Single-agent doxorubicin – is it still the standard first-line therapy for all soft tissue sarcoma subtypes?

Single-agent doxorubicin has a level I, grade A recommendation in the latest ESMO-EURACAN-GENTURIS Clinical Practice Guidelines for advanced soft tissue sarcomas (STS) (Ann Oncol. 2021;32:1348–1365); however, its position as standard first-line therapy is far from clear cut in clinical practice according to Prof. Peter Reichardt from the Sarcoma Center, Helios Hospital Berlin Buch, Berlin, Germany.

“When previous studies have been conducted to search for better regimens than doxorubicin alone – for example, doxorubicin-based combinations or alternative single-agent treatments – design issues resulted in a failure to show significant overall survival (OS) benefits,” he says anticipating some of the critical aspects discussed at the ESMO Sarcoma and GIST Virtual Symposium 2022. “These were basket studies that analysed various STS subtypes together. The overall result was neutral for the new regimens and there was insufficient data on separate subtypes to enable definite conclusions to be made.”

On the positive side, he thinks subtype-specific data are now being generated that challenge the use of single-agent doxorubicin as standard first-line treatment, at least for certain sarcomas. For instance, leiomyosarcoma is one subtype where evidence is growing in favour of combination therapies. A recent analysis by the European Organization for Research and Treatment of Cancer Soft Tissue and Bone Sarcoma Group retrospectively evaluated doxorubicin plus dacarbazine, doxorubicin plus ifosfamide and doxorubicin alone as first-line treatments for advanced/metastatic leiomyosarcoma (Cancer. 2020;126:2637–2647). Doxorubicin plus dacarbazine was associated with longer median OS (36.8 months) in comparison with doxorubicin plus ifosfamide (21.9 months) and doxorubicin alone (30.3 months).

New randomised phase III trial data, presented at the ESMO Congress 2021, indicate that another doxorubicin-containing regimen could be superior to doxorubicin alone in metastatic or unresectable leiomyosarcoma (Ann Oncol. 2021;32 suppl_5:S1283–S1346). Results from the LMS-04 trial demonstrated that doxorubicin with trabectedin prolonged the primary endpoint of progression-free survival (PFS) compared with doxorubicin alone (median, 13.5 months versus 7.3 months; adjusted hazard ratio [HR] 0.38; 95% confidence interval [CI] 0.27–0.55; p<0.0001). Furthermore, median OS was 30.5 months with doxorubicin plus trabectedin compared with 24.1 months for doxorubicin alone (HR 0.74; 95% CI 0.49–1.12). Longer-term OS analyses of the LMS-04 trial are awaited.

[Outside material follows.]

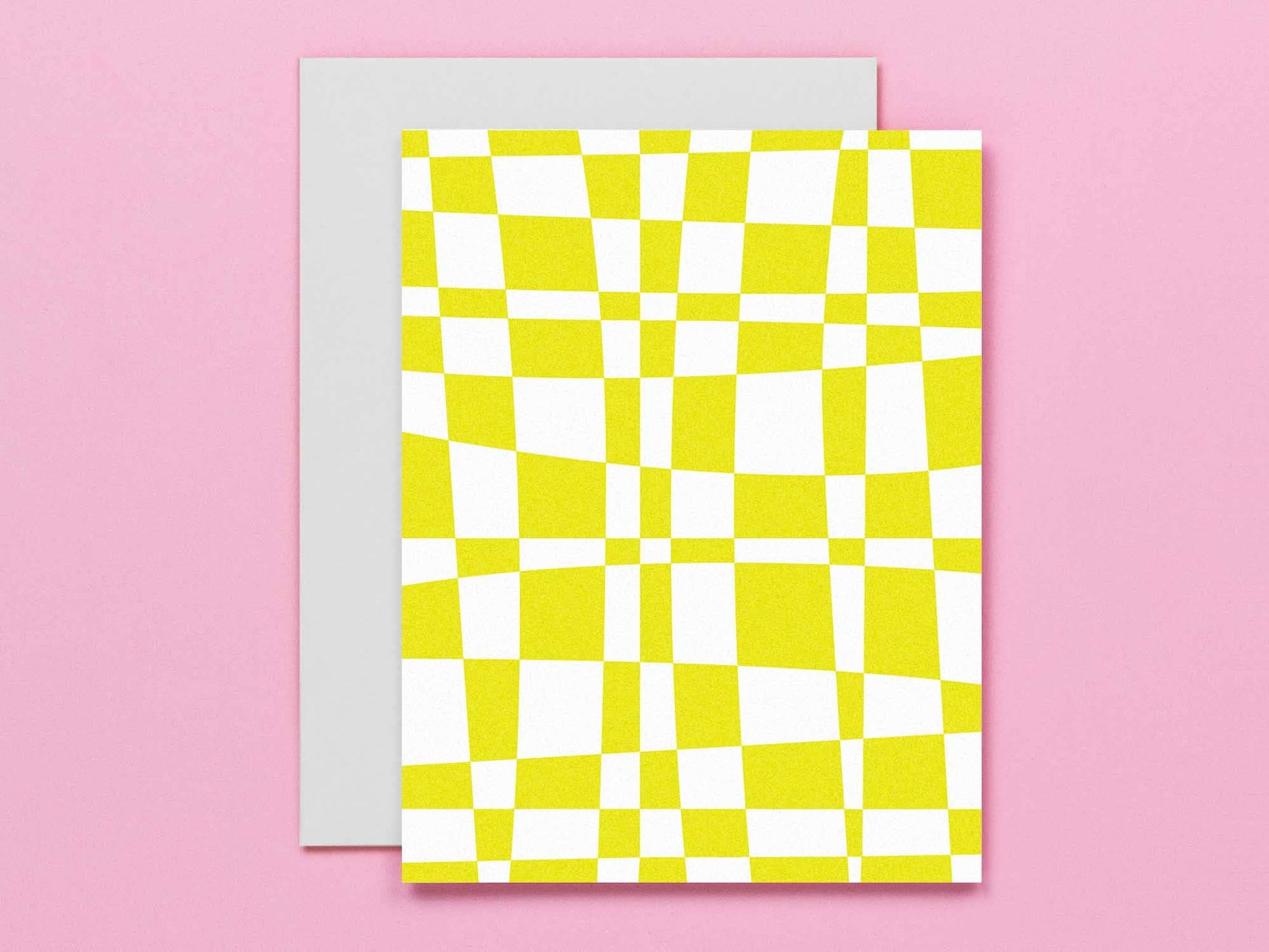 Blank card with abstract check pattern that bends space and time is not your average check pattern.

Other subtypes rely on data from retrospective or subgroup analyses only; combination therapy with doxorubicin plus high-dose ifosfamide appears to be the most active treatment for synovial sarcoma, de-differentiated liposarcomas and peripheral nerve sheath tumours.

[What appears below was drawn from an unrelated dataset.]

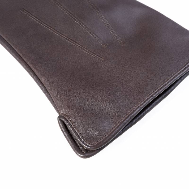 Der feine SEEGER Handschuh Cupido in dunkelbraun ist ein eleganter Herrenhandschuh aus weichem Lamm-Nappaleder, gefüttert mit einem weichen, wärmenden, hochreinen Kaschmirfutter. Der Handschuh hat eine klassische Aufnaht mit drei Riefchen. Der Handschuh hat einen geraden Abschluss und zum leichteren An- und Ausziehen einen seitlichen, umsäumten Schlitz.

Reichardt also questions whether OS is an appropriate benchmark for measuring other regimens against doxorubicin alone in the first-line setting. “In STS, many lines of further therapy have become standard and it is unlikely that a first-line study will result in an OS benefit in some subtypes; however, prolonged PFS is valuable,” he explains. “In the case of multimodality therapy, involving neoadjuvant or adjuvant chemotherapy, it is the significant PFS benefits that have resulted in combination therapies being the standard of care,” he concludes.